- Michael in 1942
- Born: 15 July 1920 Versailles, France
- Died: 22 September 2008 (aged 88) Sydney, New South Wales, Australia
- Spouse: Jill Murphy ​ ​(m. 1953; div. 1953)​ Shirley Cramond ​ ​(m. 1954; died 1983)​ Giulia Crespi ​(m. 1993)​

Names
- Michael Andreevich Romanoff
- House: Holstein-Gottorp-Romanov
- Father: Prince Andrei Alexandrovich of Russia
- Mother: Elisabetta di Sasso Ruffo

= Prince Michael Andreevich of Russia =

Member of the House of Romanov (1920–2008)

Prince Michael Andreevich of Russia (15 July 1920 – 22 September 2008) was a descendant of the House of Romanov. He was a great-nephew of Nicholas II, the last emperor of Russia.

==Early life==
Prince Michael Andreevich was born in Versailles, the second child and eldest son of Prince Andrei Alexandrovich of Russia and Donna Elisabetta di Sasso-Ruffo (1886–1940). He was a grandson of Grand Duke Alexander Mikhailovich of Russia and Grand Duchess Xenia Alexandrovna of Russia and a great nephew of Nicholas II, the last Emperor of Russia. From his father's first marriage he had two siblings, an older sister Xenia and a younger brother Andrew. From his father's second marriage he had one half sister, Olga.

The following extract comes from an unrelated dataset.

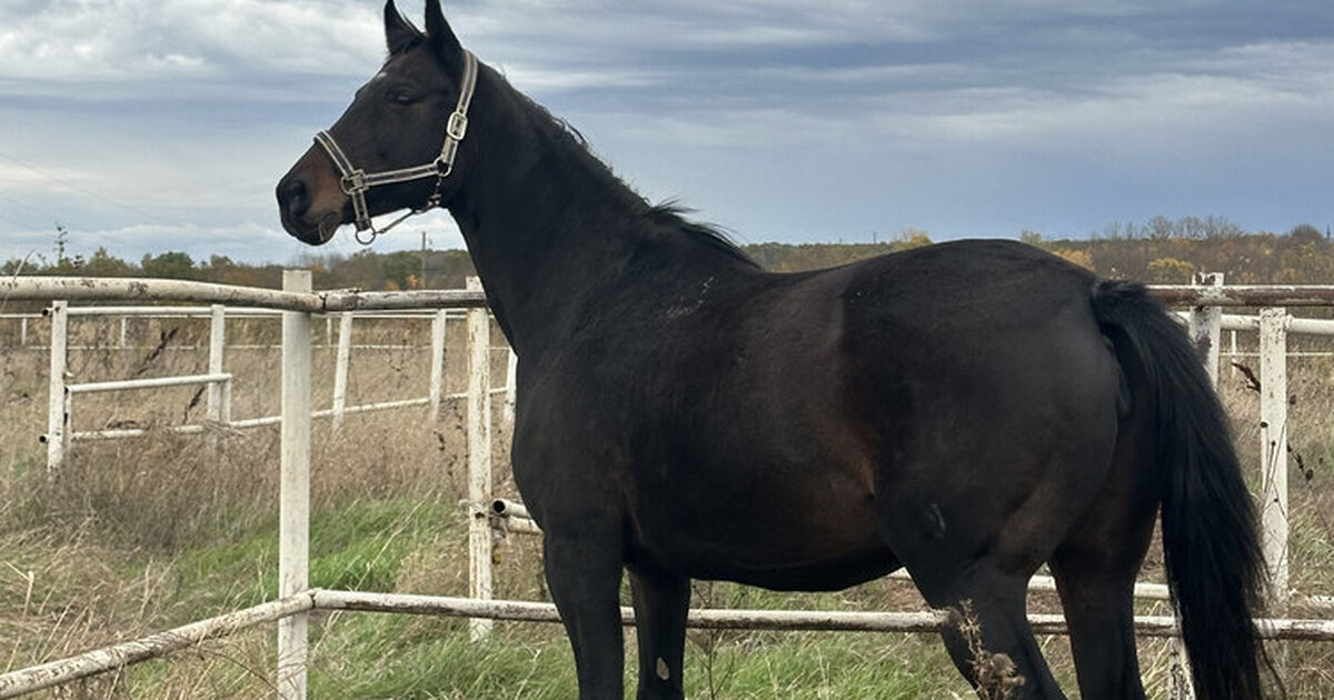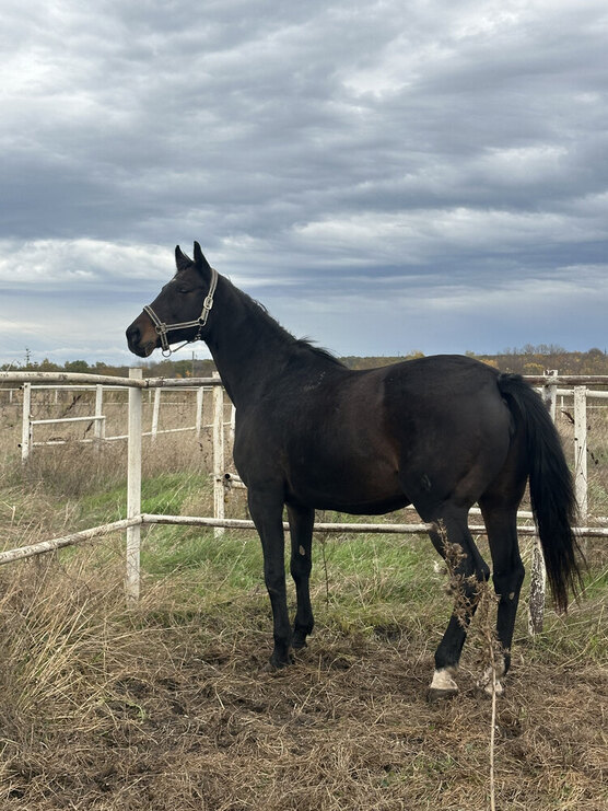 Кобыла полукровная (тракено-голштинская) 2007 г.р, 163 в/х, рождена в Кировском к/з, красивая костистая но при этом на легких движениях, прекрасно выглядит абсолютно не на свой возраст. В спорте не была, не седлалась много лет. Приносила заводу прекрасных жеребят, крылась не каждый год (не на износ). В данный момент жеребая от вестфальского жеребца, выжеребка в конце августа. Добрая, спокойная кобыла. Без проблем в быту и нюансов по здоровью. Зажеребилась путем ИО с первого раза

Neither Grand Duke Cyril Vladimirovich nor his son Grand Duke Vladimir Cyrillovich (who were heads of the House of Romanov from 1924 to 1992) recognised Michael as a Prince of Russia. Cyril and Vladimir held that the marriage of Prince Michael Andreevitch's parents was not dynastic and that Michael had no succession rights to the Russian throne. They accorded him the title HSH Prince Romanovsky-di Sasso Ruffo.

Prince Michael Andreevich was educated at Beaumont College in Old Windsor, and lived with his parents and his grandmother Grand Duchess Xenia in exile at Craigowan Lodge on the Balmoral Estate in Scotland as well as at Frogmore Cottage on the grounds of Windsor Castle. The family later stayed at Wilderness House until Michael was commissioned to serve in the Royal Navy during World War II. During the war Michael served in Australia with the Fleet Air Arm. He moved there permanently following the conclusion of the war and became an aviation engineer.

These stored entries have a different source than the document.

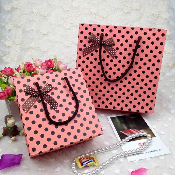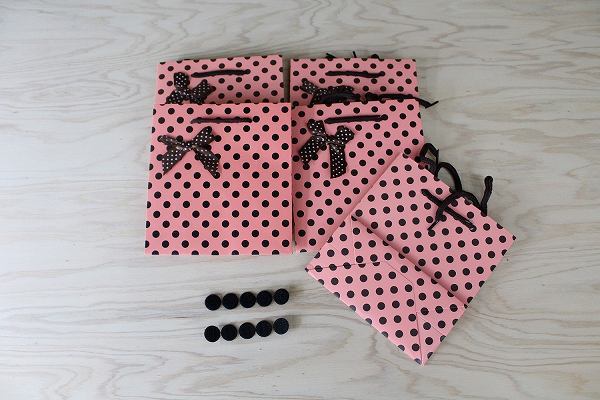 「bwn-a2」 ギフトバッグ リボン ドット ピンク 5枚セット マジックテープ付き ありがとう プレゼント ラッピング S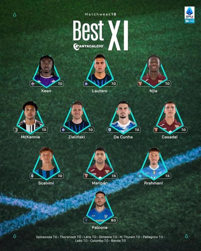 - 意甲 | 意甲第18轮最佳阵容:劳塔罗、泽林斯基、麦肯尼入选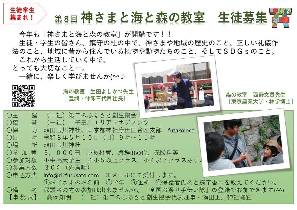 それは、全国の神社仏閣のお祭りのお手伝い、鎮守の杜をモデルとした森(SDGsな森)づくりのお手伝いー。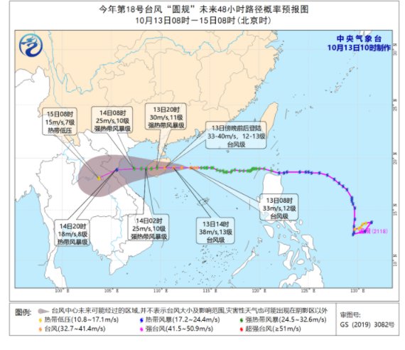 今年第18号台风“圆规”的中心今天(13日)上午10点钟位于海南省万宁市以东大约205公里的南海西北部海面上,就是北纬19.1度、东经112.3度,中心附近最大风力有12级(33米/秒),中心最低气压为970百帕,七级风圈半径为260-420公里,十级风圈半径为100-150公里。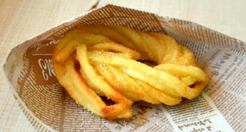 「う・ドーナツ」人気/食感はカリ、モチ、ツル・高松自動車道の津田の松原SAで、うどんを揚げて作ったドーナツ「う・ドーナツ」が人気を呼んでいる。SA内にあるうどん店の麺を使用。

==Marriages and later life==
Prince Michael Andreevich was married three times in his life. On 24 February 1953 in Sydney, he married Jill Esther Blanche Murphy (1921-2006); the marriage was short-lived and was dissolved by divorce in September 1953. On 23 July 1954 in Sydney he married Shirley Cramond (1916–1983). On 14 July 1993 in Sydney he married Giulia Crespi (born 1930). Michael had no children from any of his marriages.

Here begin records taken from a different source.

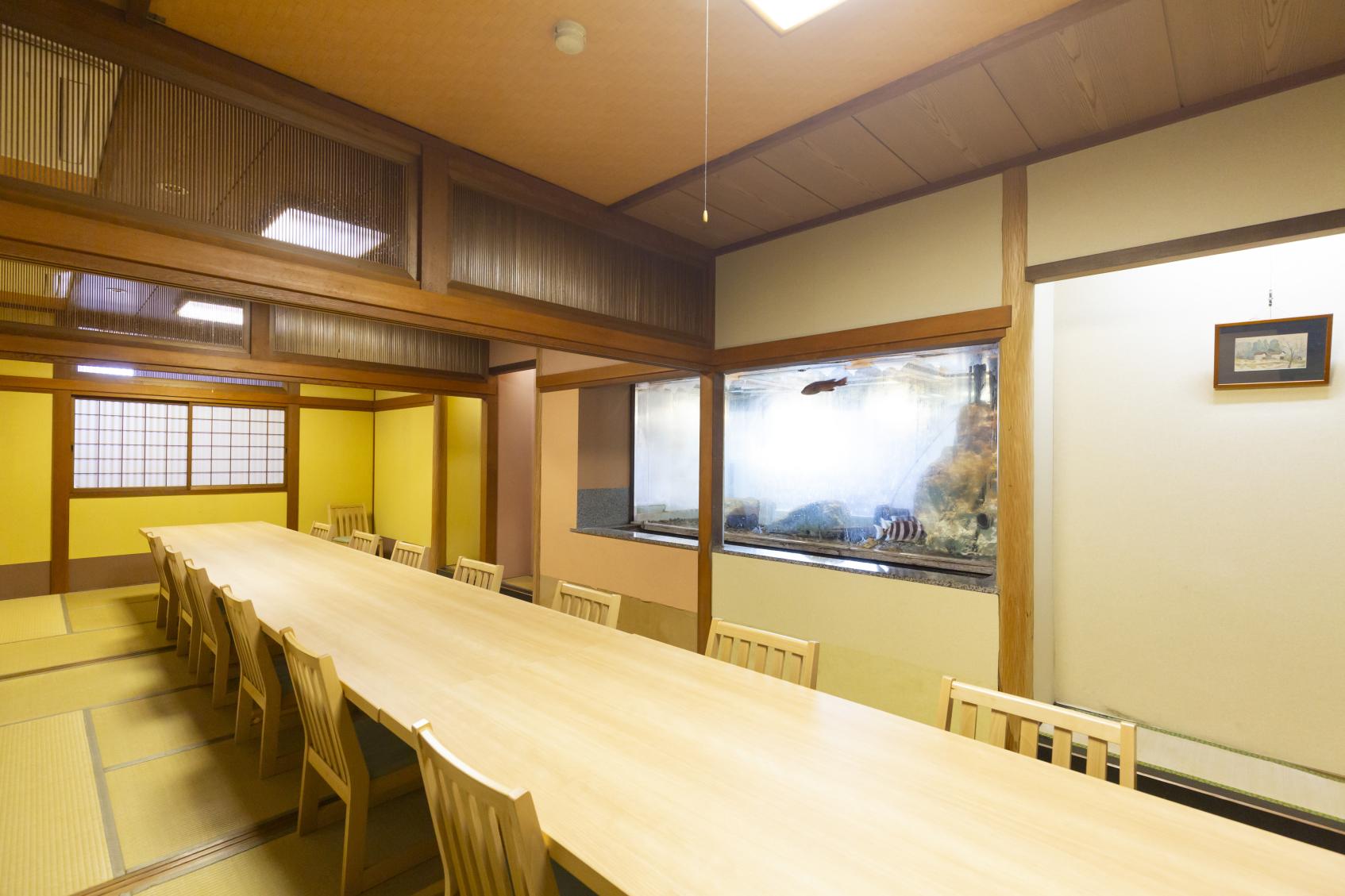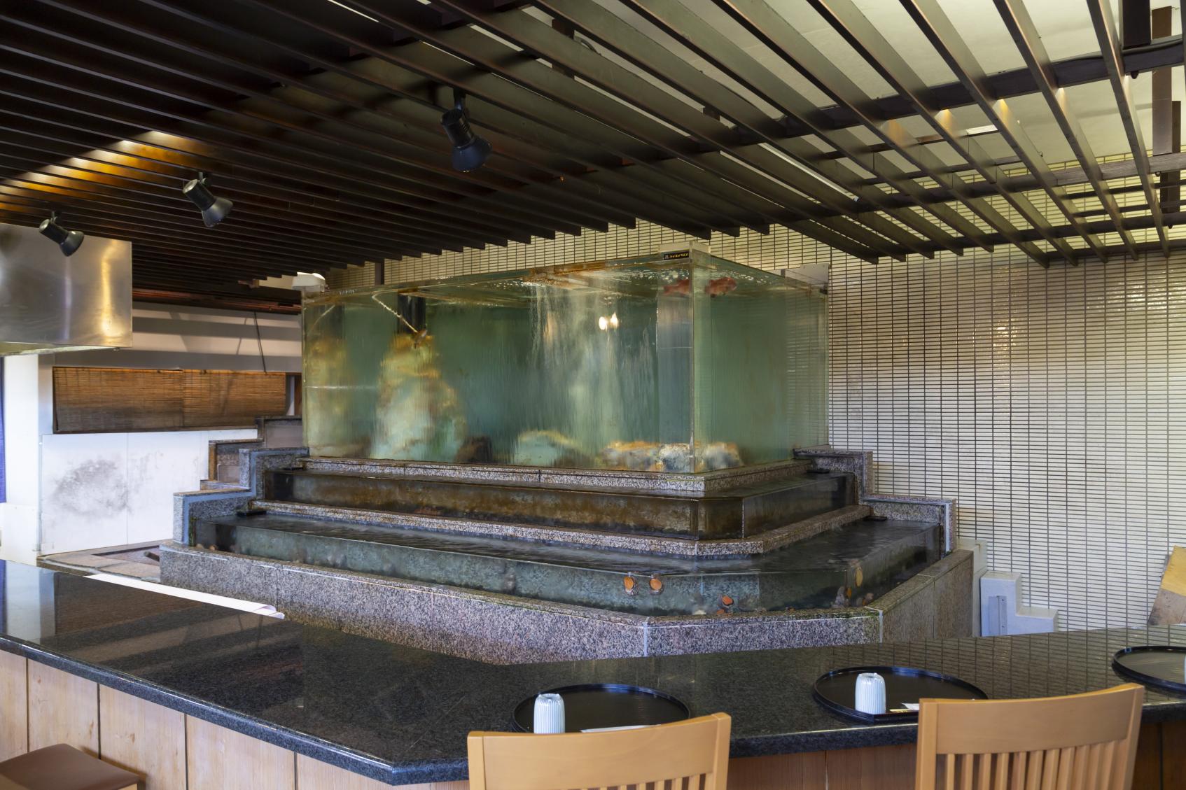 旅館スペースと棟続きにある『海遊亭(かいゆうてい)』は、観光客はもちろん、地元の人の慶事や会食にもよく利用される海鮮レストランです。店内には8トンもの海洋深層水をたたえる大型ひな壇水槽が鎮座します。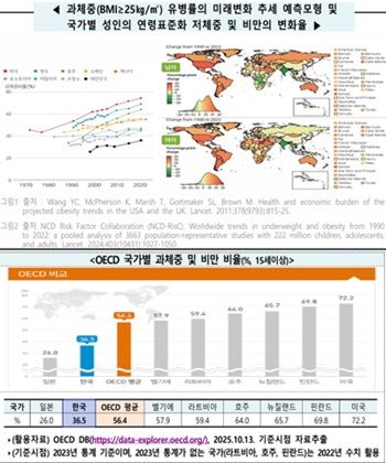 우리나라의 과체중 및 비만 비율(36.5%)은 OECD 평균(56.4%)보다 낮은 수준을 유지하고 있다. 일본(26.0%) 다음으로 낮은 수치다.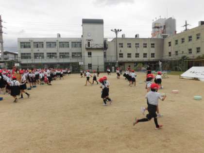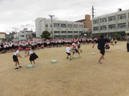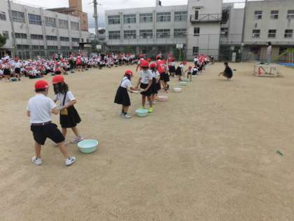 二人一組でお盆の上にカップをのせて、反対側にあるバケツの水をカップですくい、二人で協力して運んで、自分たちのバケツに水をためていくというゲームです。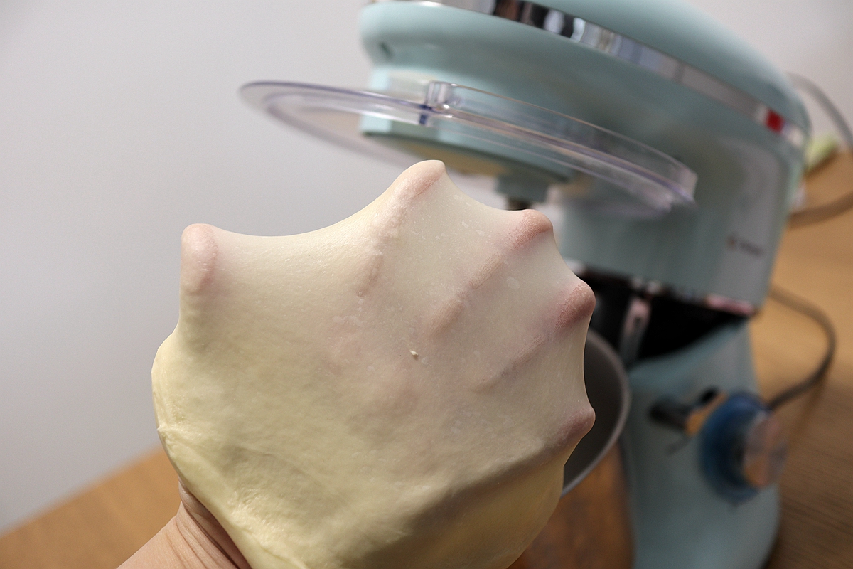 4. 面团柔软、滋润、细腻、有弹性且不粘盆壁,揪一块面团轻轻撑出手套膜,戳个洞,洞口有小锯齿状,做小面包是完全可以的;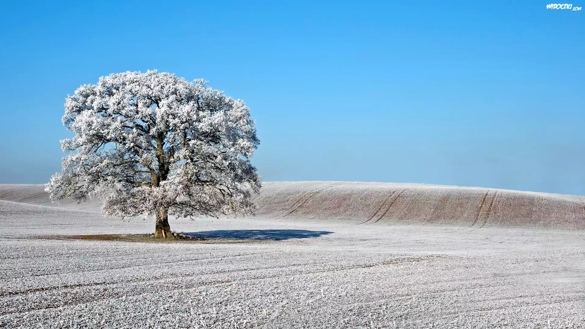 Zdjęcia, Pagórek, Śnieg, Drzewo, Niebieski

In 1980, Prince Michael Andreevich became Imperial protector of the Sovereign Order of the Orthodox Knights Hospitaller of St. John of Jerusalem which was formerly under the protection of his father Prince Andrei and uncle Prince Vasili. In 2006 he was elected Grand Prior. This group is not recognised by the Sovereign Military Order of Malta, or the Associated Orders of St. John. He was also vice-president of the Romanov Family Association.

Prince Michael Andreevich died at 2 AM on 22 September 2008 in Sydney, the same day as his cousin, Prince Michael Feodorovich of Russia, the son of Prince Feodor Alexandrovich of Russia.